The artist name could be used with a different API endpoint to get more detail about a particular artist. But this information is enough for our purposes at the moment.

To get a more compact view of the results of our initial query, for song titles with "Break My Soul" in them, let's see if we can print out the full song title for each search hit:

In [None]:
# Remember list comprehension format: [ predicate expression FOR temporary variable name IN source list ]

titles = [song['result']['title'] for song in data['response']['hits']]

titles

# This means, for each song in data['response']['hits'], add its ['result']['title'] to a new list called "titles"


['BREAK MY SOUL',
 'BREAK MY SOUL (THE QUEENS REMIX)',
 'Let Your Heart Go (Break My Soul)',
 'Beyoncé - BREAK MY SOUL (Tradução em Português)',
 'BREAK MY SOUL (Honey Dijon Remix)',
 'Break My Soul',
 'Beyoncé - BREAK MY SOUL (Türkçe Çeviri)',
 'Beyoncé - BREAK MY SOUL (Traducción al Español)',
 'You Can’t Break My Soul',
 'BREAK MY SOUL (ACAPELLA VERSION)']

**Question:** What key would we change to list the URLs for the lyrics of each of these songs?

In [None]:
# your code here

lyrics = [song['result']['url'] for song in data['response']['hits']]

lyrics


['https://genius.com/Beyonce-break-my-soul-lyrics',
 'https://genius.com/Beyonce-and-madonna-break-my-soul-the-queens-remix-lyrics',
 'https://genius.com/Ti-let-your-heart-go-break-my-soul-lyrics',
 'https://genius.com/Genius-brasil-traducoes-beyonce-break-my-soul-traducao-em-portugues-lyrics',
 'https://genius.com/Beyonce-and-honey-dijon-break-my-soul-honey-dijon-remix-lyrics',
 'https://genius.com/H-y-b-r-i-d-break-my-soul-lyrics',
 'https://genius.com/Genius-turkce-ceviri-beyonce-break-my-soul-turkce-ceviri-lyrics',
 'https://genius.com/Genius-traducciones-al-espanol-beyonce-break-my-soul-traduccion-al-espanol-lyrics',
 'https://genius.com/Anonymous-group-you-cant-break-my-soul-lyrics',
 'https://genius.com/Beyonce-break-my-soul-acapella-version-lyrics']

**Exercise:** Adapting the syntax above, list the name of the artist for each of these songs.
    
**Hint:** Remember that the artist `name` is contained *within* the dictionary `primary artist`

In [None]:
# your code here
artists =  [song['result']['artist_names'] for song in data['response']['hits']]
artists


['Beyoncé',
 'Beyoncé & Madonna',
 'T.I. (Ft. The-Dream)',
 'Genius Brasil Traduções',
 'Beyoncé & Honey Dijon',
 'H Y B R I D',
 'Genius Türkçe Çeviri',
 'Genius Traducciones al Español',
 'Anonymous (Group)',
 'Beyoncé']

### Working with responses

Now we have a response from the API, and we've parsed it into a Python data structure that we know how to use (a dictionary). But now what do we do with it?

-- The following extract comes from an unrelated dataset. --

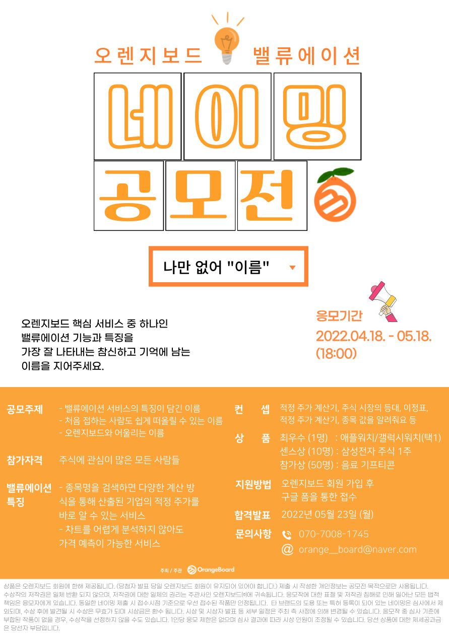 오렌지보드 < 밸류에이션 네이밍 공모전 >

In some cases, the response from the API contains all of the data that you need to create your dataset. But in other cases, you need to chain together additional information gained from an API call with another API call--or, in yet other cases, with some web scraping. 

In this case, you'll notice that the response contains an item, `url`, that contains a link to a URL with the song's lyrics. But it doesn't actually provide the lyrics themselves. This has to do with the sad reality that most for-profit companies don't want to give away their most valuable data for free. 

It turns out that Genius has made their lyrics data increasingly difficult to access. But if we *wanted* to create a song lyrics dataset that contained "Break My Soul"... 

## Web Scraping on the Actual Web: 2022 Edition 

Let's start with what we know how to do: finding the URL for the lyrics for Beyoncé's "Break My Soul"

Remember that we've already got our `data` stored from our API call. 

Now let's create a variable for our artist name:

In [None]:
# Create a placeholder list to hold any matches
lyrics_url = []

# Use our data variable, populated with info from the API, to pull up the URL we need to scrape 
for song in data['response']['hits']:
    if song['result']['primary_artist']['name'] == "Beyoncé":
        lyrics_url.append(song['result']['url']) # appending to list 

lyrics_url

['https://genius.com/Beyonce-break-my-soul-lyrics',
 'https://genius.com/Beyonce-break-my-soul-acapella-version-lyrics']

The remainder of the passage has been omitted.